Un quadrato cinque per cinque delimitato dalle luci e da nastro adesivo. Due aste col microfono e una poltrona. L’incursione del rap di Eminem, l’apparizione di tre dipinti seicenteschi (Paesaggio con la Ninfa Egeria di Claude Lorrain, Maddalena in estasi di Caravaggio, Ila e le Ninfe di Francesco Furini), riprodotti dal pittore Giorgio Calabrese: «Sono dipinti veri – continua Lanera – una cosa che a teatro non si fa quasi più, e qui permettono uno sdoppiamento della visione. Per il resto, come regista ho voluto “distruggere” ciò che andava distrutto (non c’è, ad esempio, la camera da letto) e mantenere ciò che doveva restare. La vera lotta, per me, però, ha riguardato il lato interpretativo. Perché, ed ecco una delle tante meravigliose contraddizioni pasoliniane, la lingua è menzogna ma qui è anche, in maniera indissolubile, poesia. Anzi quello che i personaggi dicono, sosteneva Pasolini, è un misto di verità parlata e dizione poetica”. Una lingua bellissima, in un testo verboso, difficilissimo».

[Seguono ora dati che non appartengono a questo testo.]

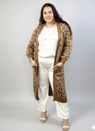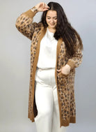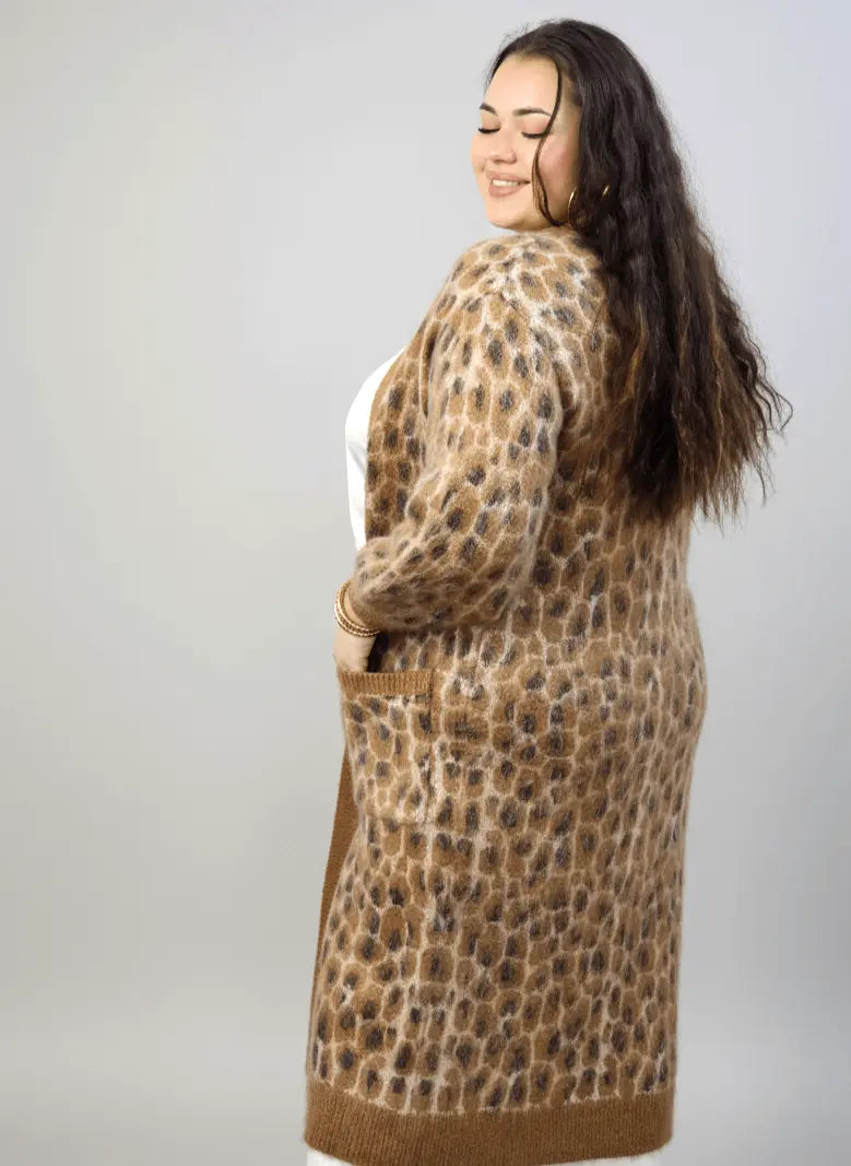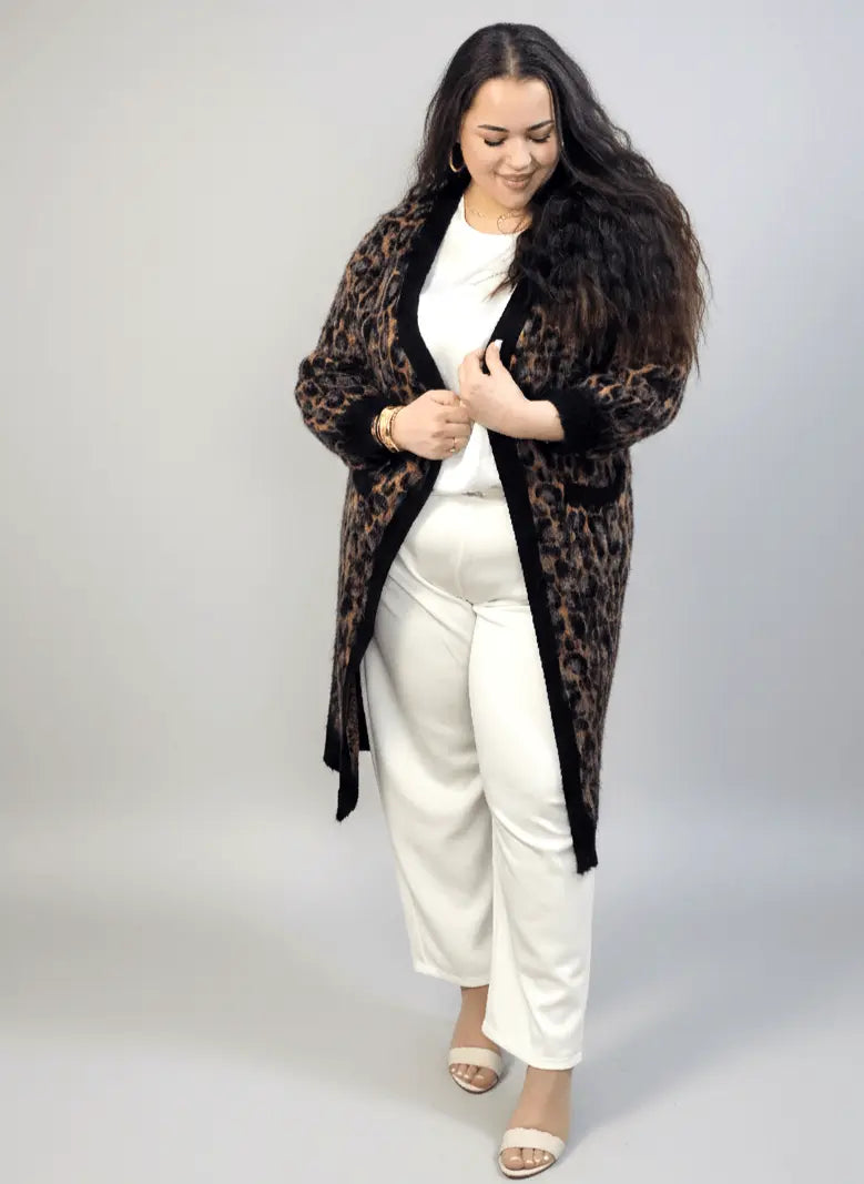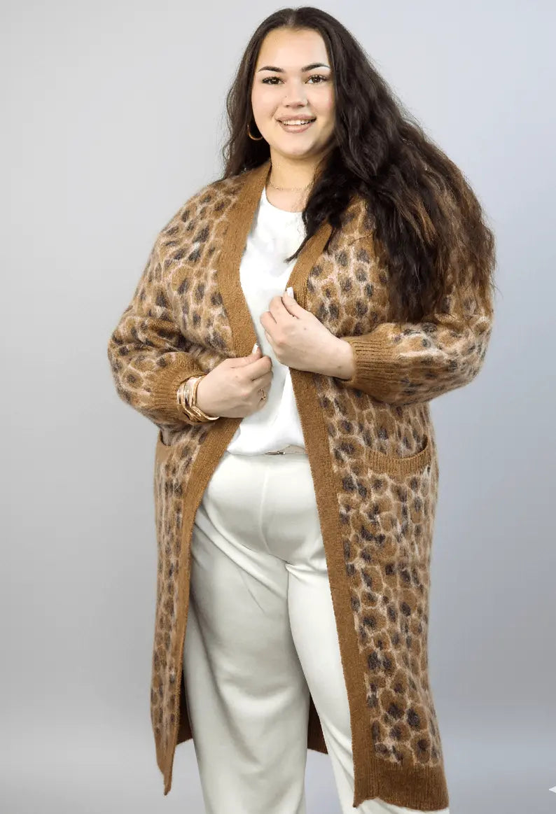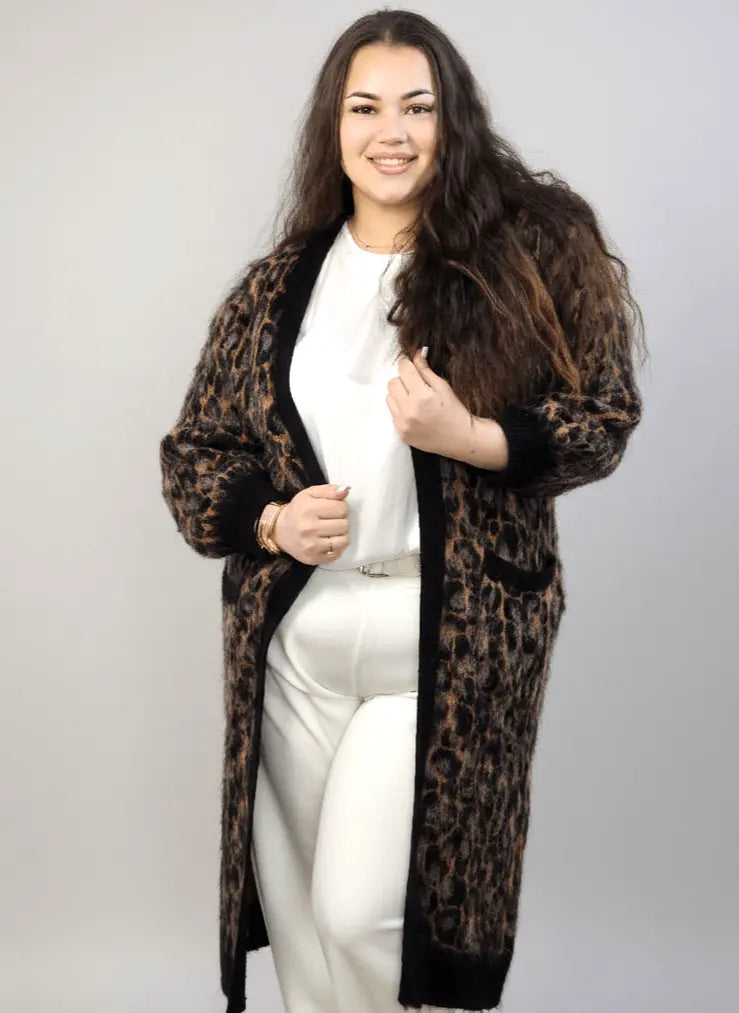 Kardigan plus size z motywem panterki – długi, ciepły i stylowy model plus size
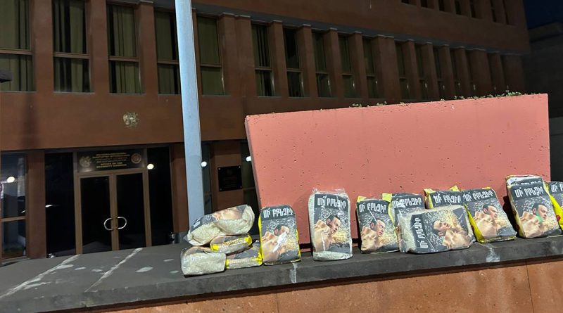 Մի խումբ քաղաքացիներ ակցիա են իրականացրել Անվտանգության խորհրդի գրասենյակի մոտ՝ այնտեղ բրնձի տոպրակներ տանելով, որում ԱԽ քարտուղար Արմեն Գրիգորյանի նկարն է:
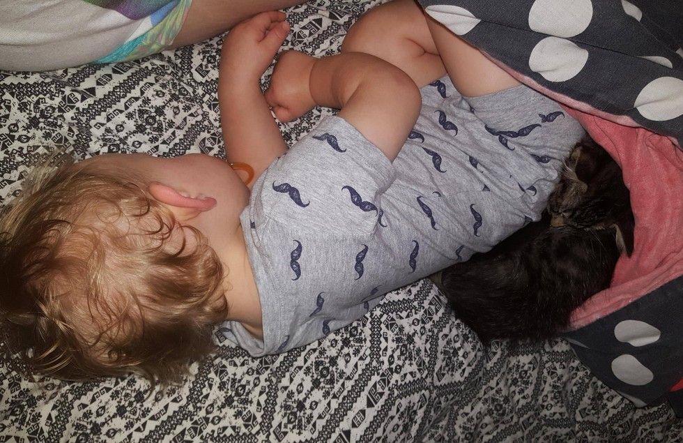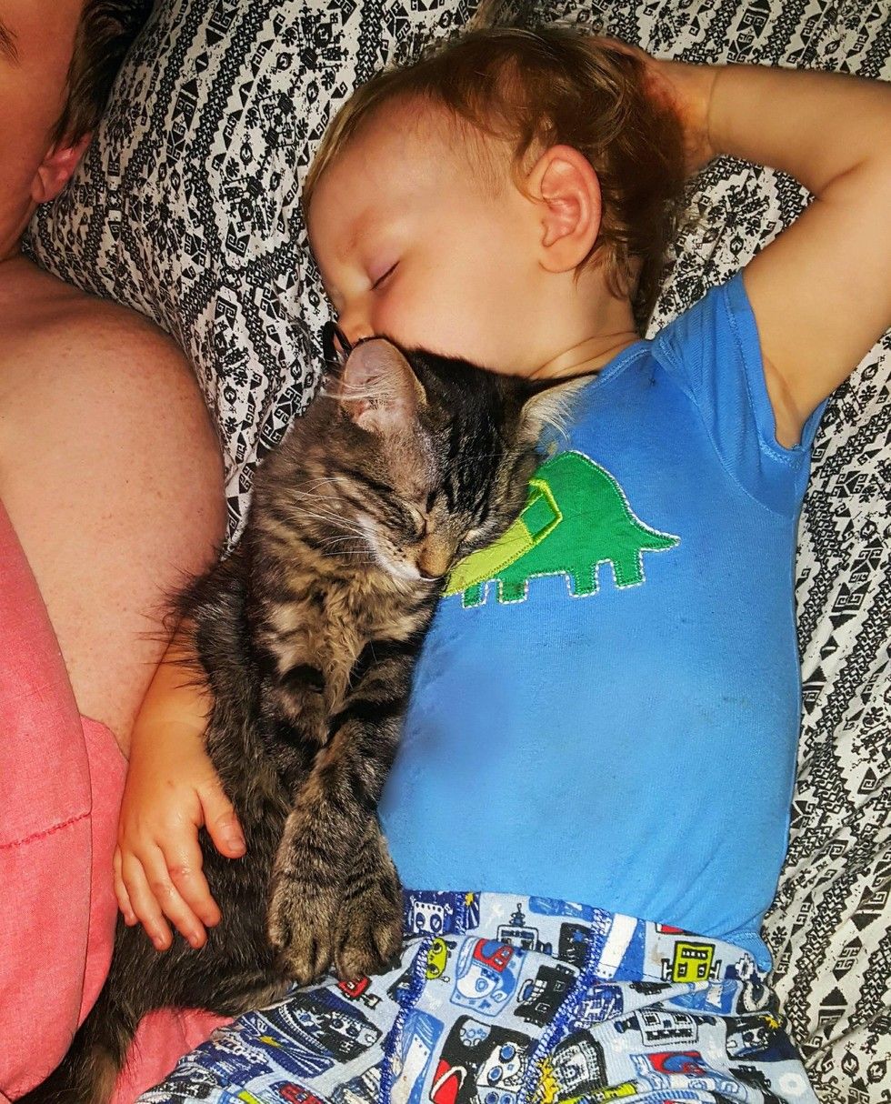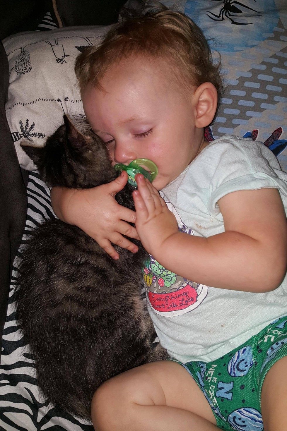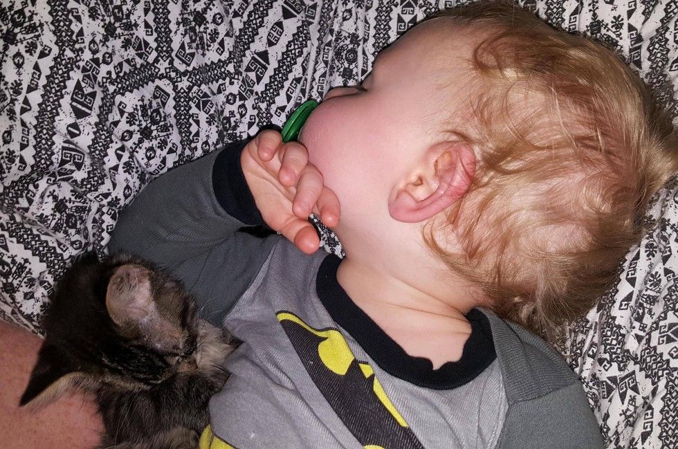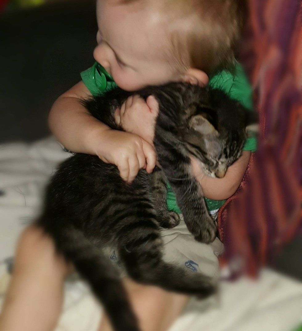 A family found a tiny kitten at the barn and brought him home. "I wish I had a video of me bringing him home, my son fell instantly in love with the kitty. It was the single sweetest moment I've seen. They've been inseparable ever since," the family shared on reddit.

E in quei personaggi, in quella recitazione, Lanera è tornata a ritrovamenti, è approdata a scoperte: «Sono l’Uomo e la Donna perché io sono già quell’ambiguità, non c’è bisogno di travestimenti. La tragedia è di entrambi, solo la prostituta è totalmente inconsapevole del mondo. Il rapporto di potere, di carnefice e vittima, di dominio, tra marito e moglie, è però in fondo paritario, non lo è fisicamente ma mentalmente sì. È, tuttavia, un atto di rottura da parte di entrambi, verso un potere che c’è ma non vediamo. Non sono certamente eroi, ma lei è più eroina di lui, più iconografica, ammazza i figli, muore tra le acque, lui invece impiccato in mezzo al vomito. Eppure l’uomo è la figura più articolata a mio avviso, quella chi mi appare ora più imprendibile. Ma Orgia, è, ed è stato, soprattutto, un riappropriarmi di me stessa. Ero in bilico tra la vita e la morte, questo testo, questa parola, Orgia, rispecchiava ciò che ero io in quel momento, quando ho iniziato a lavorarci, era la parola che avrei voluto dire e che non sapevo dire. E allora l’uso che ne ho fatto si può definire utilitaristico, perché forse era il solo uso possibile. Era l’unico modo per rendere questa parola viva».